I can't give the whole thesis here, but I found this fascinating:
But if we come to Paul with these questions in mind--the questions about how human beings come into a living and saving relationship with the living and saving God--it is not justification that springs to his lips or pen. When he describes how persons, finding themselves confronted with the act of God in Christ, come to appropriate that act for themselves, he has a clear train of thought, repeated at various points. The message about Jesus and his cross and resurrection--'the gospel'...--is announced to them; through this means, God works by is Spirit upon their hearts; as a result, they come to believe the message; they join the Christian community through baptism, and begin to share in its common life and its common way of life. That is how people come into relationship with the living God.The simplicity of that paragraph is quite breathtaking for one who was raised on interminable discussions coloured by Pelagian/Augustinian and Lutheran/Catholic arguments over the doctrine of Justification. Wright's entire argument is that Paul does not use 'justification' as a paradigm for personal salvation.

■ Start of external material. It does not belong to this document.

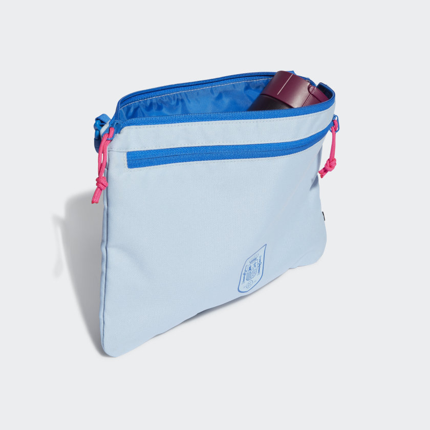 Show your love for Spain with this adithtdas soccer sacoche. It has a front zip pocket for your small valuables and mesh pockets to keep your stuff neat and organized. Adjust the shoulder strap for comfortable carry. The federation crest shows who you support. Made with a series of recycled materials, and at least 40% recycled content, this product represents just one of our solutions to help end plastic waste.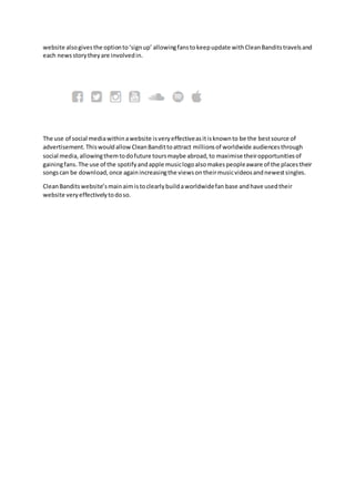 CleanBandit's website effectively promotes their music and brand. It displays one of their music videos as the main image to give visitors a sense of their music style. This helps increase their large fan base. The website provides information about the band like tour dates and news to keep fans updated. It also allows fans to stream and download their songs from services like Spotify and Apple Music. The clear goal is to use the website to continue building a worldwide fan base, and it seems well designed to achieve this aim.

Think about it.
If you are not convinced, he even quotes Alister McGrath (another great contemporary protestant theologian whom I have had the pleasure to hear speak in person) from his major work "Iustitia Dei", where he writes that 'the doctrine of justification'
has come to develop a meaning quite independent of its biblical origins... The church has chosen to subsume its dicussion of the reconcilation of man to God under the aegis of justification, thereby giving the concept an emphasis quite absent from the New Testament... quite independant of its Pauline origins...The upshot of this, according to Wright, is that while the way in which the Church has chosen to use the term 'justification' is "neither here nor there", it is not legitimate to "ransack" Paul's letters for statements
dare we say even for proof-texts, on a subject which he may not himself have conceived in those terms. If it is true that Paul meant by 'justification' something which is significantly different from what subsequent debate has meant, then this appeal to him is consistently flawed, maybe even invalidated altogether."Now THAT, I suggest, should cause a real problem for those who insist that the doctrine of justification should be based on "scripture alone".
(In case your appetite has been whetted by this short comment, there is a feast of material on the matter here at "The Paul Page")
2 Comments:
This comment has been removed by the author.

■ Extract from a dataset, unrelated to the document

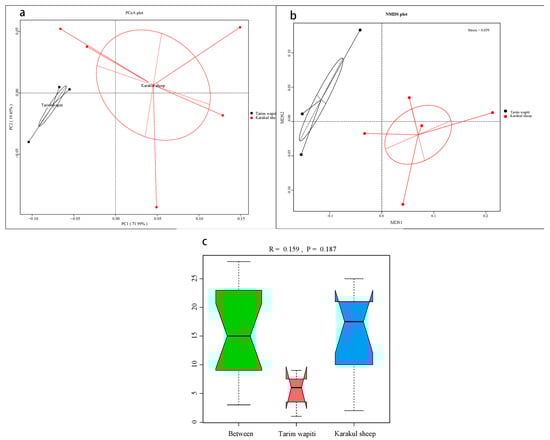 Beta diversity analysis of rumen microorganisms in Tarim wapiti and Karakul sheep; (a) PCoA (principal coordinate analysis) analysis; (b) NMDS (non-metric multidimensional scaling) analysis; (c) ANOSIM analysis.

Not sure whether to post this here or under the later post on the new woman bishop in Oz.
I like Tom Wright too. Mostly I read his columns in The Guardian, and have saved many of them to a Tom Wright folder on one of my PCs.
But if you're Catholic, then when it comes to church stuff here's the deal: he isn't a bishop of anything, and the Eucharist he and any other Anglican priest administers is no more valid than the ones you did as a Lutheran pastor, and there is no such thing as a "restoration of Catholic/Anglican unity" because it never existed, the former unity was broken by the formation of something now called Anglican to institutionalise the heresy it needed for its own purposes, and will be restored when they drop the heresy and rejoin the church of Christ's institution from which they separated themselves yet insisted they didn't.
None of which is incompatible with addressing them as Bishop and Father as a mark of respect for their positions and the sincerity of their beliefs -- which, however sincere, are wrong.
It should then come as no surprise that the liberal and the conservative wings of such a church both contain positions that Catholics cannot share. The unity for which Christ prayed was not a unity that ignored false teaching and false teachers, about which he was quite clear. Unless of course one deifies "unity" and begins to produce documents and seek "dialogue" purporting to find that false and true teaching are actually the same teaching differently expressed.
Then again, that isn't a "real problem" re justification, scripture, ecclesiology or anything else once one no longer deifies an institution and begins to understand these things not on God's terms but in terms of participation in that institution.